* [The data]
=-=-=

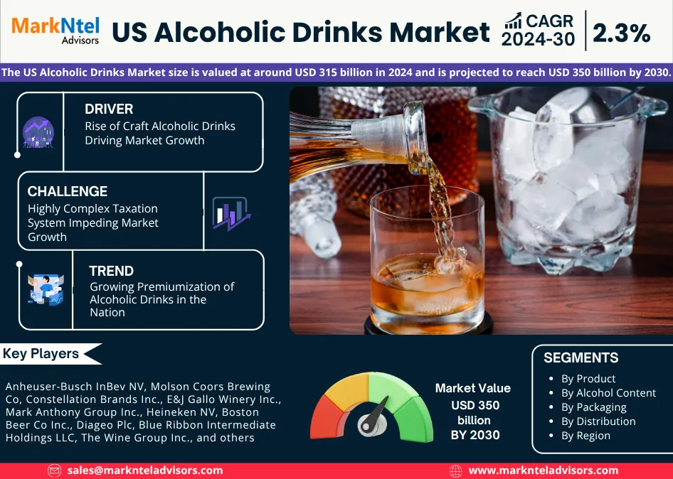 MarkNtel Advisors, a leading market research and consulting firm, has announced the release of its latest study titled US Alcoholic Drinks Market Research Report: Forecast (2024–2030). This report provides a detailed assessment of the US Alcoholic Drinks Market, covering its evolving dynamics, emerging trends, key growth drivers, major challenges, and competitive landscape.
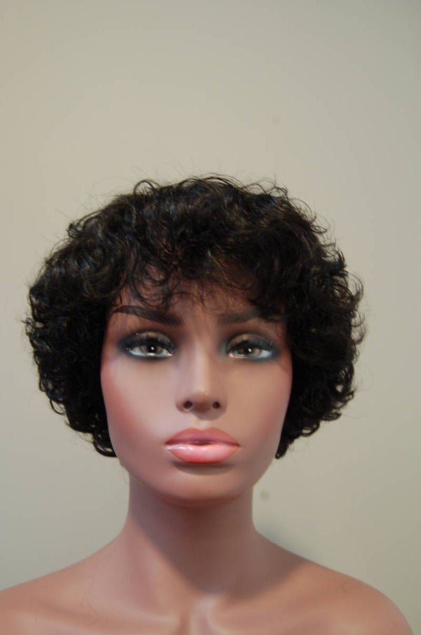 Uit de Wigs by Hairglow human hair curly collection is dit haarwerk Arjana. Een korte boblijn met pony in een natuurlijke donkere kleur. Het haar voelt zijdezacht aan en is eenvoudig te sylen.
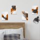 Set of 4 modern abstract organic shapes and botanical leaves, wall art.
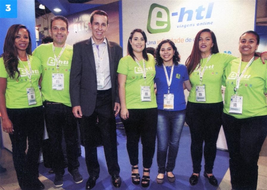 Equipe E-HTL em 2017, na Abav Expo em São Paulo: Letícia Arruda, Leonardo Arruda, Flávio Louro, Veronica Barreta, Letícia Svizzero, Kelly Moraes e Jennifer Fernandes
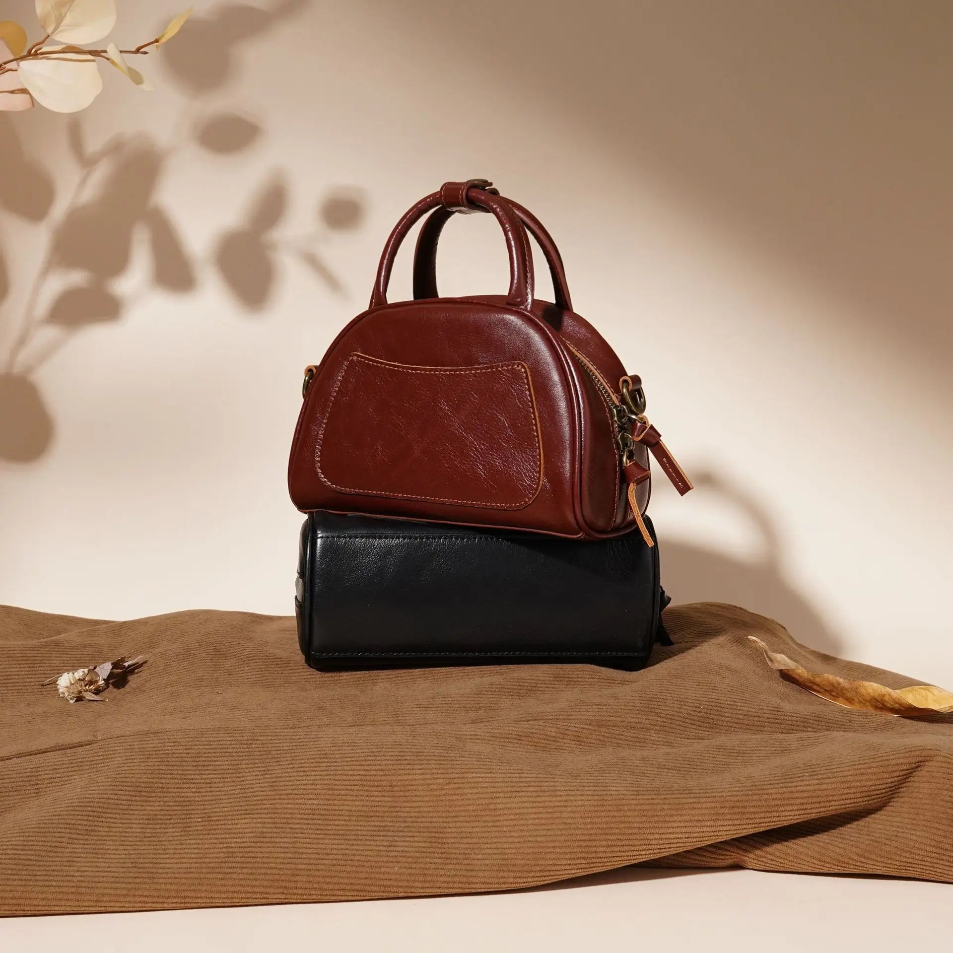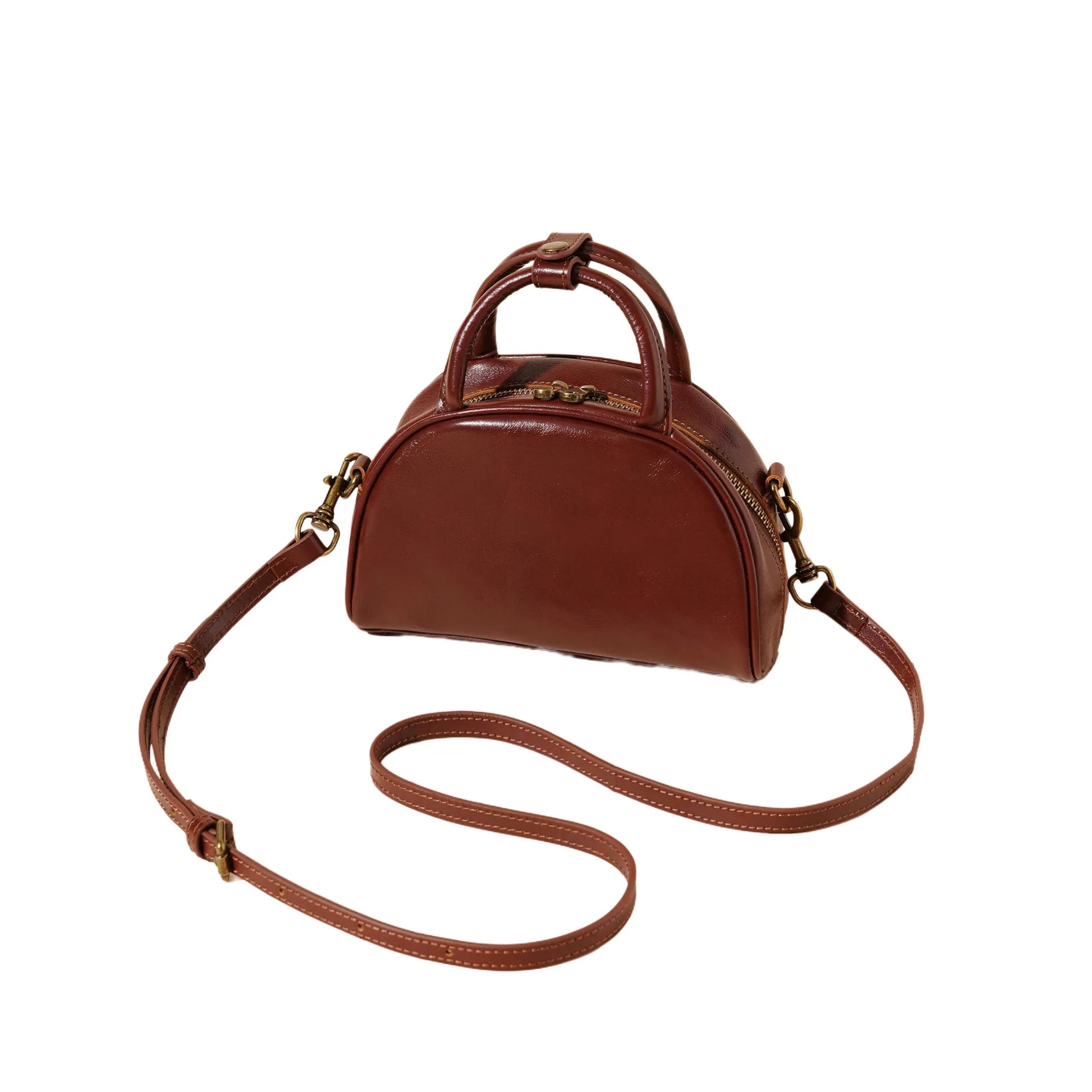 Genuine Leather 2025 New Retro Small Shoulder Crossbody Handbag Versatile Bowling Bag for Women
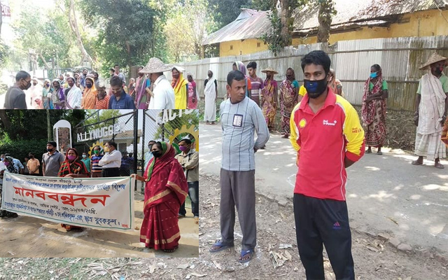আজ শনিবার কাজে যাওয়ার আগ মুহূর্তে সকাল ৯টা থেকে সকাল ১০টার মধ্যে বাংলাদেশ চা শ্রমিক ইউনিয়নের ডাকে চা-বাগানগুলোয় সামাজিক দূরত্ব বজায় রেখে এই কর্মসূচি পালিত হয়।
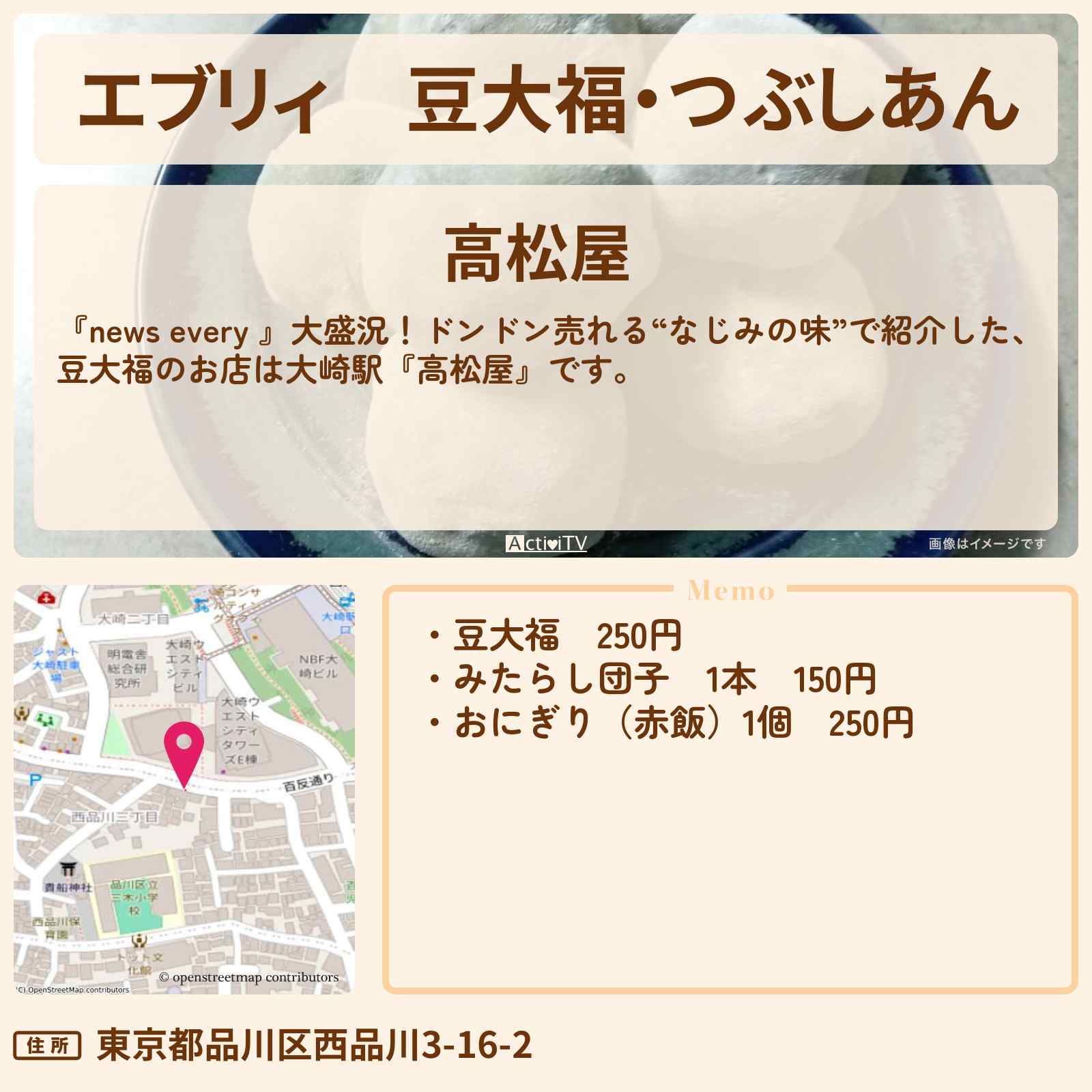 高松屋の看板商品は豆大福です。北海道十勝産のえりもしょうずで作るつぶしあんに、大きな赤えんどう豆を加え、歯切れのよい餅生地でふんわりと包み込みました。
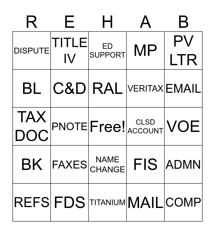 This bingo card has a free space and 24 words: REFS, FAXES, RAL, MAIL, PV LTR, DISPUTE, TITLE IV, ED SUPPORT, CLSD ACCOUNT, VOE, TAX DOC, C&D, FIS, ADMN, BL, FDS, TITANIUM, MP, EMAIL, BK, PNOTE, NAME CHANGE, VERITAX and COMP.
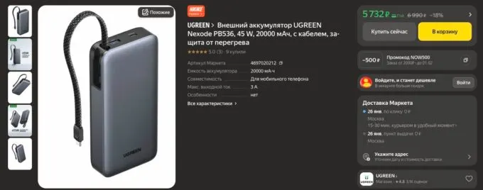Прямо сейчас новый пауэрбанк Ugreen Nexode PB536 можно приобрести на Яндекс Маркете всего за 5732 рубля. А с кэшбеками некоторых банков она обойдётся ещё дешевле.
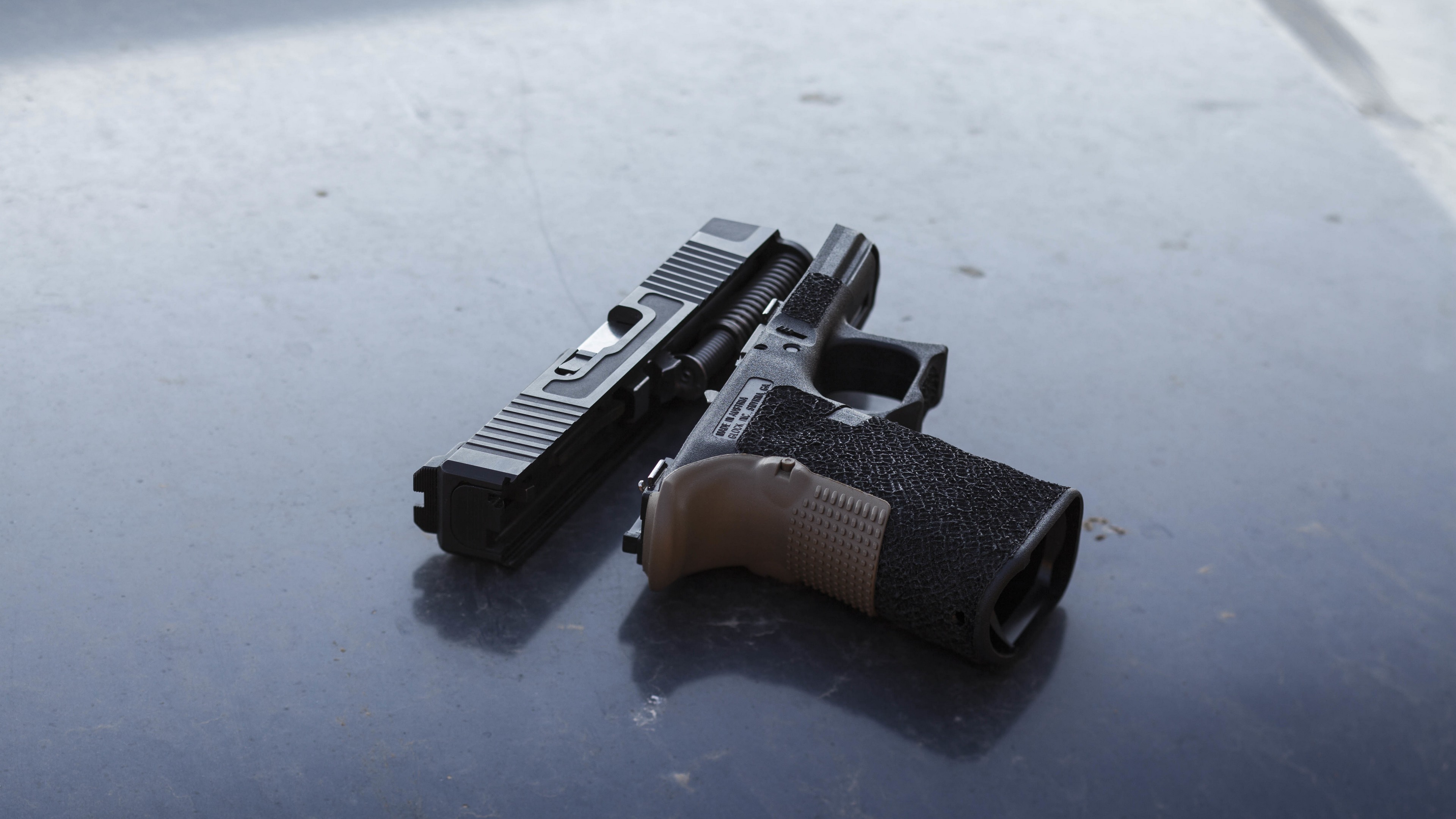 Description: A gun and a holster on a table top with a light on it's side and a lighter on the other side.

=-=-=

* [Exercise objective] The copy must match every line of the data exactly and contain no pictures.

* [Response to this task]
 MarkNtel Advisors, a leading market research and consulting firm, has announced the release of its latest study titled US Alcoholic Drinks Market Research Report: Forecast (2024–2030). This report provides a detailed assessment of the US Alcoholic Drinks Market, covering its evolving dynamics, emerging trends, key growth drivers, major challenges, and competitive landscape.
 Uit de Wigs by Hairglow human hair curly collection is dit haarwerk Arjana. Een korte boblijn met pony in een natuurlijke donkere kleur. Het haar voelt zijdezacht aan en is eenvoudig te sylen.
 Set of 4 modern abstract organic shapes and botanical leaves, wall art.
 Equipe E-HTL em 2017, na Abav Expo em São Paulo: Letícia Arruda, Leonardo Arruda, Flávio Louro, Veronica Barreta, Letícia Svizzero, Kelly Moraes e Jennifer Fernandes
 Genuine Leather 2025 New Retro Small Shoulder Crossbody Handbag Versatile Bowling Bag for Women
আজ শনিবার কাজে যাওয়ার আগ মুহূর্তে সকাল ৯টা থেকে সকাল ১০টার মধ্যে বাংলাদেশ চা শ্রমিক ইউনিয়নের ডাকে চা-বাগানগুলোয় সামাজিক দূরত্ব বজায় রেখে এই কর্মসূচি পালিত হয়।
 高松屋の看板商品は豆大福です。北海道十勝産のえりもしょうずで作るつぶしあんに、大きな赤えんどう豆を加え、歯切れのよい餅生地でふんわりと包み込みました。
 This bingo card has a free space and 24 words: REFS, FAXES, RAL, MAIL, PV LTR, DISPUTE, TITLE IV, ED SUPPORT, CLSD ACCOUNT, VOE, TAX DOC, C&D, FIS, ADMN, BL, FDS, TITANIUM, MP, EMAIL, BK, PNOTE, NAME CHANGE, VERITAX and COMP.
Прямо сейчас новый пауэрбанк Ugreen Nexode PB536 можно приобрести на Яндекс Маркете всего за 5732 рубля. А с кэшбеками некоторых банков она обойдётся ещё дешевле.
 Description: A gun and a holster on a table top with a light on it's side and a lighter on the other side.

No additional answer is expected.